Matt Lehrman of Social Prosperity partners will return to South Carolina for the 
Municipal Association’s Annual Meeting to discuss conflict reduction.
Lehrman will return to the Association’s Annual Meeting in Charleston. He will lead group exercises during a preconference session on July 14, and on July 15, he will deliver the keynote address, exploring ways for leaders to gather consensus around their town’s and city’s highest aspirations and how an openness to opportunity serves as the foundation for community pride, civility and prosperity.  
Earlier this year, Lehrman joined the Association’s City Quick Connect podcast for a wide-ranging talk on the increasingly pervasive problem of incivility in public spheres. 
Civility, he noted, “starts with basic courtesy, basic respect for other people,” and also involves maintaining a focus on agreed-upon community values, like collaboration or responsiveness.
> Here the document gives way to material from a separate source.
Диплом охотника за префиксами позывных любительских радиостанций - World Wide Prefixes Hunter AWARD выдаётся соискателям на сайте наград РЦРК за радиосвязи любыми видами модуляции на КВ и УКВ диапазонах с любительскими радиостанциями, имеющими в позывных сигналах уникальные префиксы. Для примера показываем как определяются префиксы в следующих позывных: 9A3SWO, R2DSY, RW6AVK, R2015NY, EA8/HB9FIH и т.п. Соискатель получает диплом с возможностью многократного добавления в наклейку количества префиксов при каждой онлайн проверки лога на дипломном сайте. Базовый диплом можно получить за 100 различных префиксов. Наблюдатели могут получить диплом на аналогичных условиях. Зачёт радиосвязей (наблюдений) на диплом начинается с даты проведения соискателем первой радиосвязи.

He added that well-developed personal skills provide a backbone for civility, such as the willingness and ability to have meaningful conversations about problems, despite the common temptation to provide one-way communication about how the city will fix a problem.
Doing so, he said, “doesn’t force us into an us-versus-them relationship, where people come in and they want to yell at the mayor and the councilmembers because they feel unheard, they feel disrespected. We have an adversarial form of government. We are allowed to petition our government, and we are allowed to be angry if our government is not listening to us … But there are structures that we can put in place where it’s not an us-versus-them, it’s where we … bring residents together to talk amongst themselves, to share ideas, to share aspirations.”
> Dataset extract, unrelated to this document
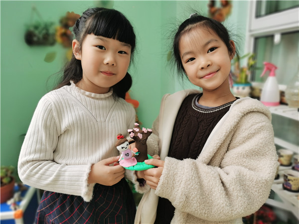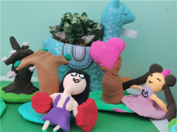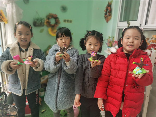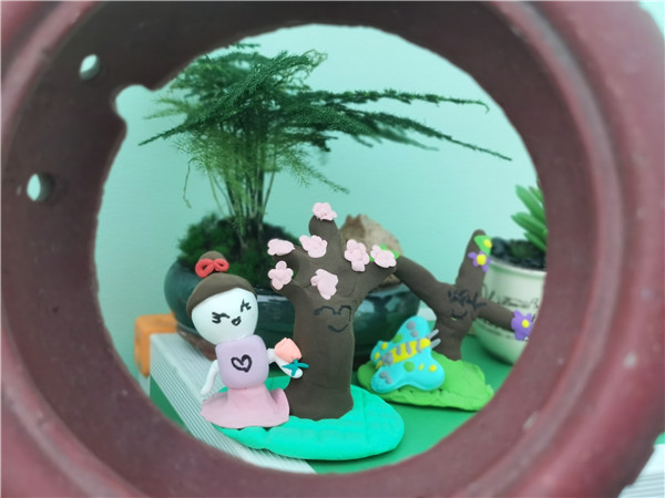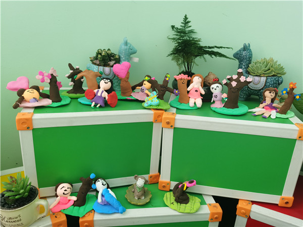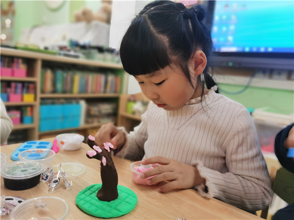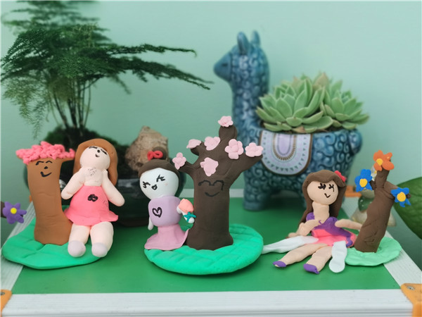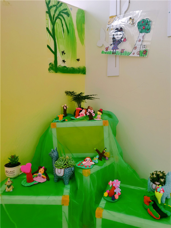 老师们引导孩子发现春天的秘密,参加种植活动,体验种子发芽的奇妙;观察春天的花,感受色彩的缤纷;借用散步、自由游戏的时间自主观察植物的特征、植物的变化,积累丰富的感性认识。而后,老师们鼓励孩子用黏土表现自己对春天的认识,小小粘土,创意无限,揉一揉,搓一搓,黏一黏,几块不同颜色的粘土,渐渐在孩子们的手中变成了一个个春天的定格场景,奇妙而又梦幻。垂柳换上了嫩绿的新装、桃花红着脸,抿着小嘴、好像在告诉我们春天来了,春天来了,小朋友们在樱花树下嘻戏,孩子们在天马行空的创意制作中,感受着春天的美好。

Lehrman routinely hosts community discussion sessions. 
“In all of my facilitation,” he said, “I have never found a group of people that couldn’t find something to agree on. It might be one word or one concept out of everything, but if we can find the one thing that we agree on, we can build on that.” 
Additional Annual Meeting preconference opportunities
The 2022 Annual Meeting will take place July 13 – 17 at the Charleston Place Hotel. The preconference sessions on July 14 all require preregistration. Here are the other preconference sessions: 
Storytelling with Storyville Social – Downtown development technical assistance program Main Street South Carolina has partnered with Storyville Social to create training on how economic development programs can build engaging social media content that puts a human face on local businesses. This session will discuss the training’s processes and results. 
Sustainability and resilience mobile tour – At a time when many local governments are confronting rising sea levels, flooding and other consequences of climate change, the City of Charleston and the Town of James Island are working to address the threats. Learn about some of these projects. 
First-timers lunch – Designed for municipal officials and staff, this program provides helpful information so that first-time attendees can get the most out of their Annual Meeting experience.

Registering for the Annual Meeting

All cities and towns will use the Municipal Association’s online registration process for reserving spots at the meeting and booking hotel rooms. The Association’s drawing on May 24 will establish a registration appointment time for each city and town who registered for the drawing. During these half-hour appointments, which will take place from Tuesday, June 7 – Thursday, June 9, Association staff will assist the designated representative of each municipality in registering all attending officials from that city. June 13 will be the deadline for all hotel reservations, and July 1 will be the deadline for registering for the Annual Meeting itself.